Supplied material:
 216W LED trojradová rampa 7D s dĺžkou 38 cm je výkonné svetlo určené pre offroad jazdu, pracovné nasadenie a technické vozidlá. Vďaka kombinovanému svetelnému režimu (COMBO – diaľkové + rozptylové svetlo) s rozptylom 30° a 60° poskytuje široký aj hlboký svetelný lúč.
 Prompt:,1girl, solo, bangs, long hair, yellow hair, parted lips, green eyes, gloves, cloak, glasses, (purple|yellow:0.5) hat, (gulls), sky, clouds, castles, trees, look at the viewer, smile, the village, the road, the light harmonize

--

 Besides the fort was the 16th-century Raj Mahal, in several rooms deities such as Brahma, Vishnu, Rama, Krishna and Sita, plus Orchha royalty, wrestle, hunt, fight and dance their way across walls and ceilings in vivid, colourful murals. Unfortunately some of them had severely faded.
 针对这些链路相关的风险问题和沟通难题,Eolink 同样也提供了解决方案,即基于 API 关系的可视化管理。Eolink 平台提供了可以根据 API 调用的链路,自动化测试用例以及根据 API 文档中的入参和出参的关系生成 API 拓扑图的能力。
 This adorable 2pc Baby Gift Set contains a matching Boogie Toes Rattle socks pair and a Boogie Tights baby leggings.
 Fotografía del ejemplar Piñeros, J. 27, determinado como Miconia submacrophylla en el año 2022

==

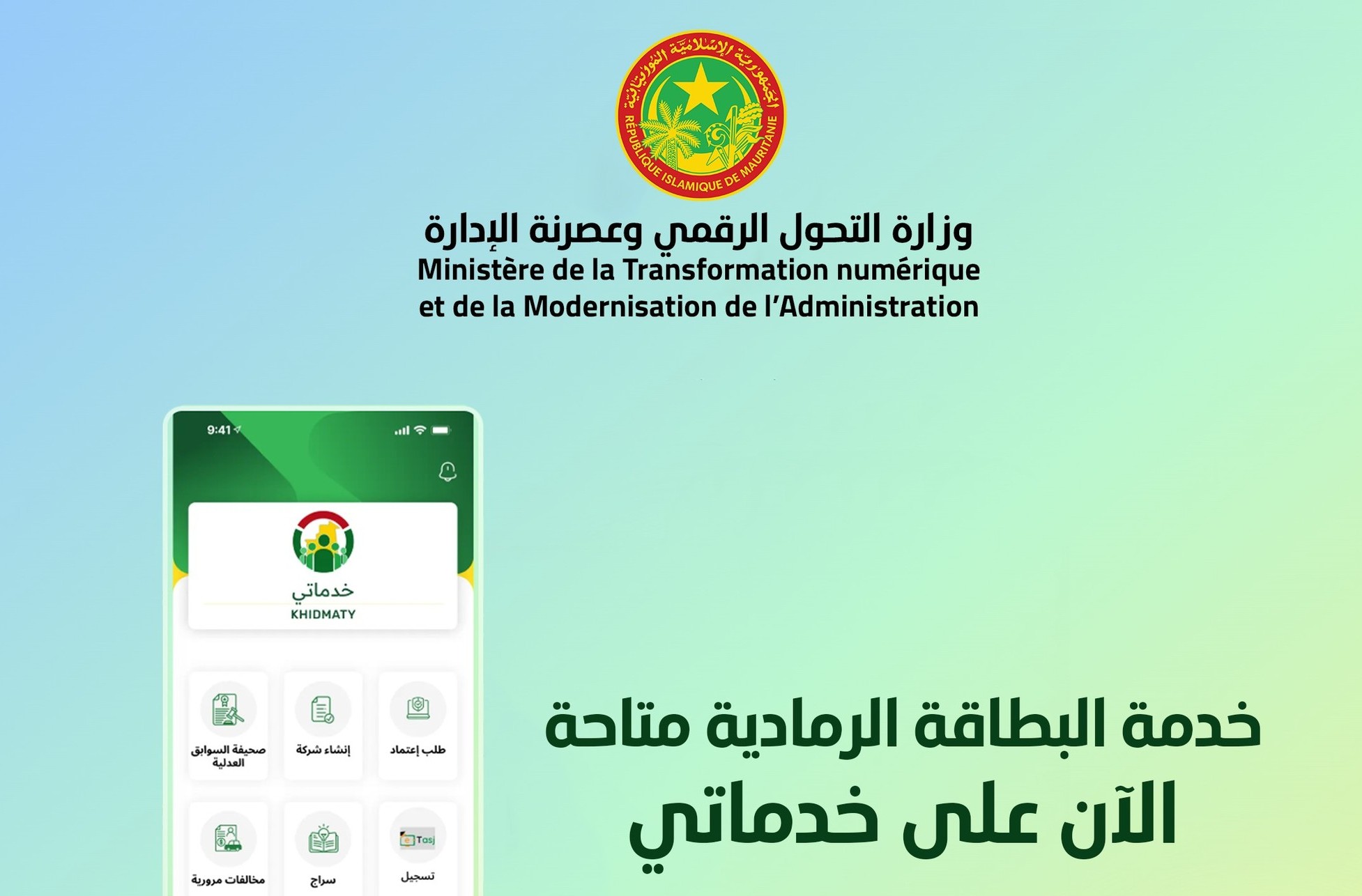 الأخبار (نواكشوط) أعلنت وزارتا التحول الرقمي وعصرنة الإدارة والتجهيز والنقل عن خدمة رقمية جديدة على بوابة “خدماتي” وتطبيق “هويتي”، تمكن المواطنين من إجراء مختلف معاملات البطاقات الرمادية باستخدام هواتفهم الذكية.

About this task:
Taking the entries above, print exactly the lines starting at the line with "216W LED trojradová" and ending at the line with "Prompt:,1girl, solo, bangs, long", both included.

Expected answer:
 216W LED trojradová rampa 7D s dĺžkou 38 cm je výkonné svetlo určené pre offroad jazdu, pracovné nasadenie a technické vozidlá. Vďaka kombinovanému svetelnému režimu (COMBO – diaľkové + rozptylové svetlo) s rozptylom 30° a 60° poskytuje široký aj hlboký svetelný lúč.
 Prompt:,1girl, solo, bangs, long hair, yellow hair, parted lips, green eyes, gloves, cloak, glasses, (purple|yellow:0.5) hat, (gulls), sky, clouds, castles, trees, look at the viewer, smile, the village, the road, the light harmonize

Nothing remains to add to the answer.